Если бы не семейная спаянность нашей «стаи» и не наши кулаки, то спаянная своей солидарностью стая урок раздела бы и ограбила нас до нитки. Так делается всегда — в общих камерах, на этапах, отчасти и в лагерях, где всякой случайной и разрозненной публике, попавшей в пещеры ГПУ, противостоит спаянная и классово-солидарная стая урок. У них есть своя организация, и эта организация давит и грабит. Впрочем, такая же организация существует и на воле. Там она давит и грабит всю страну.
Дискуссия
Часа через полтора я сижу у печки. Пахан подходит ко мне.
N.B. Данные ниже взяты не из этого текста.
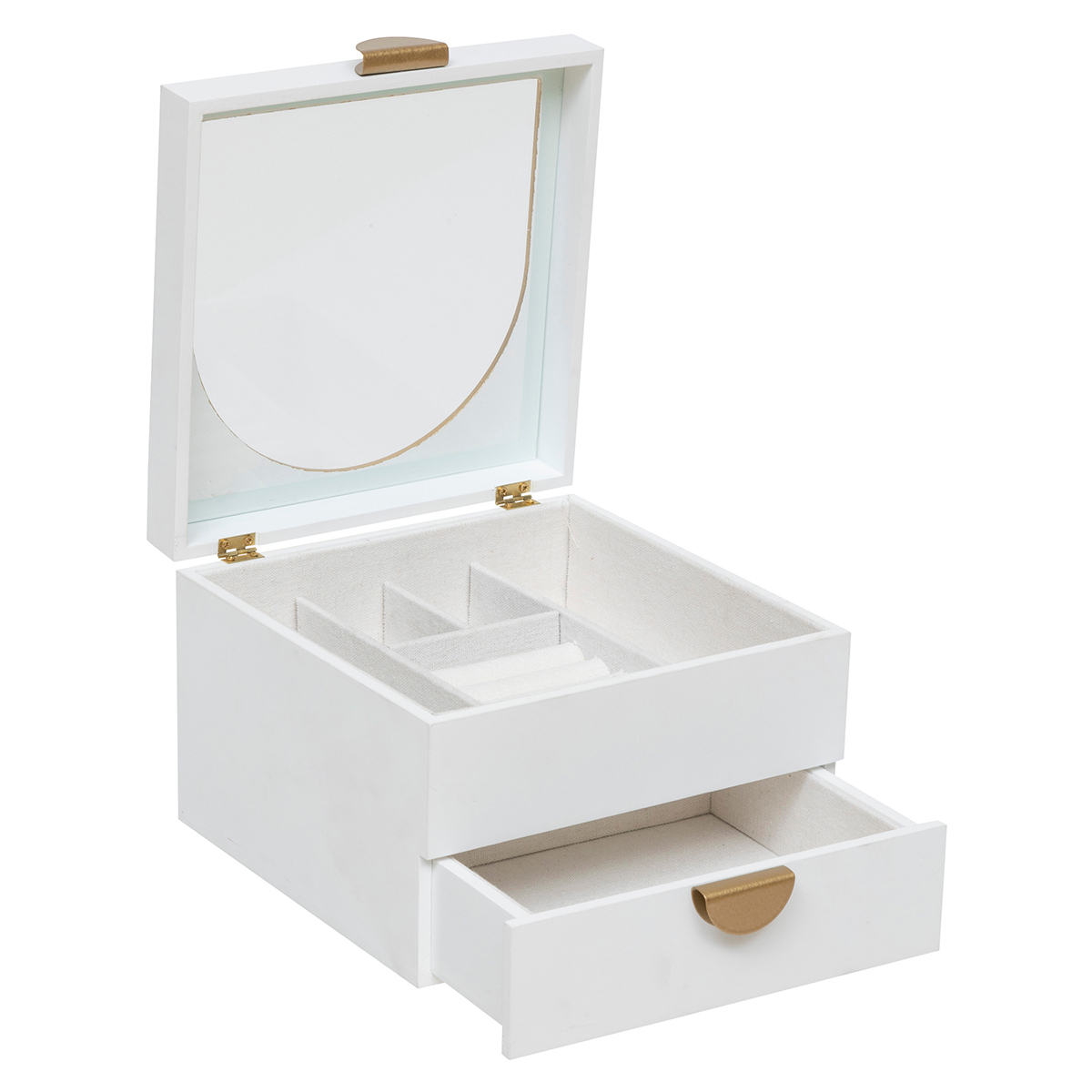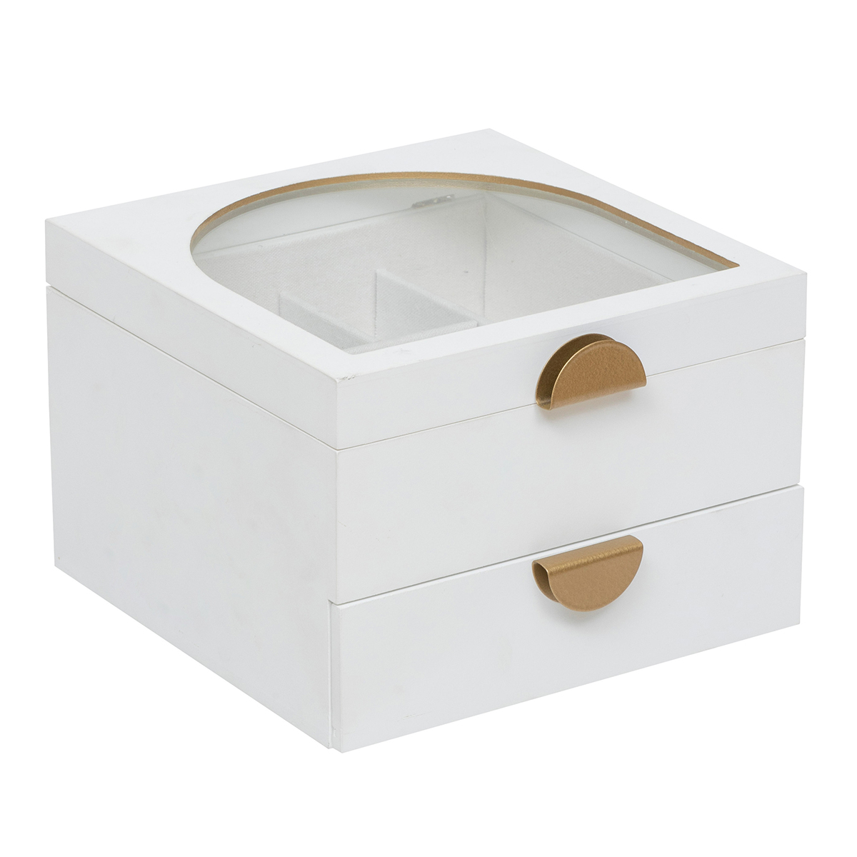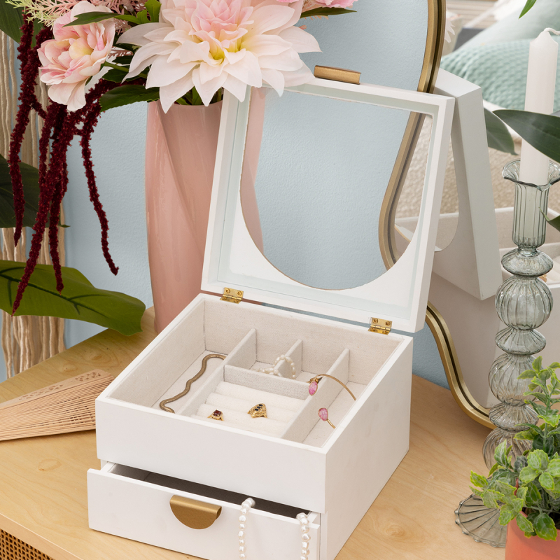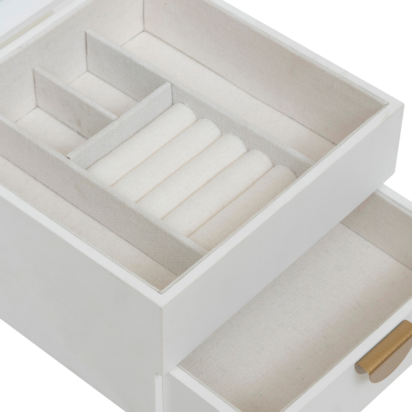 Μπιζουτιέρα με μοντέρνο σχεδιασμό. Είναι κατασκευασμένη από ξύλο MDF_E1 σε λευκό χρώμα με χρυσές μεταλλικές λεπτομέρειες. Έχει 2 μικρές θέσεις και 2 μεγαλύτερες για σκουλαρίκια ή βραχιόλια και θέσεις για δακτυλίδια. Στο κάτω μέρος διαθέτει συρτάρι. Ένα μέρος από το καπάκια είναι διάφανο για να μπορείτε να βλέπετε στο εσωτερικό. Ιδανική για να τακτοποιήσει και να οργανώσει τα κοσμήματα και τα αξεσουάρ σας.

— Ну и здоровый же бугай ваш брат. Чуть руку не сломал. И сейчас еще еле шевелится. Оставьте мне, товарищ Солоневич, бычка — страсть курить хочется.
Я принимаю оливковую ветвь мира и достаю свой кисет. Урка крутит козью ножку и сладострастно затягивается.
— Тоже надо понимать, товарищ Солоневич, собачье наше житье.
— Так чего же вы его не бросите?
— А как его бросить? Все мы — беспризорная шатия. От мамкиной цицки да прямо в беспризорники. Я, прямо говоря, с самого малолетства вор, так вором и помру. А этого супчика, техника-то, мы все равно обработаем. Не здесь, так в лагере. Сволочь. У него одного хлеба с пуд будет. Просили по-хорошему: дай хоть кусок. Так он как собака лается.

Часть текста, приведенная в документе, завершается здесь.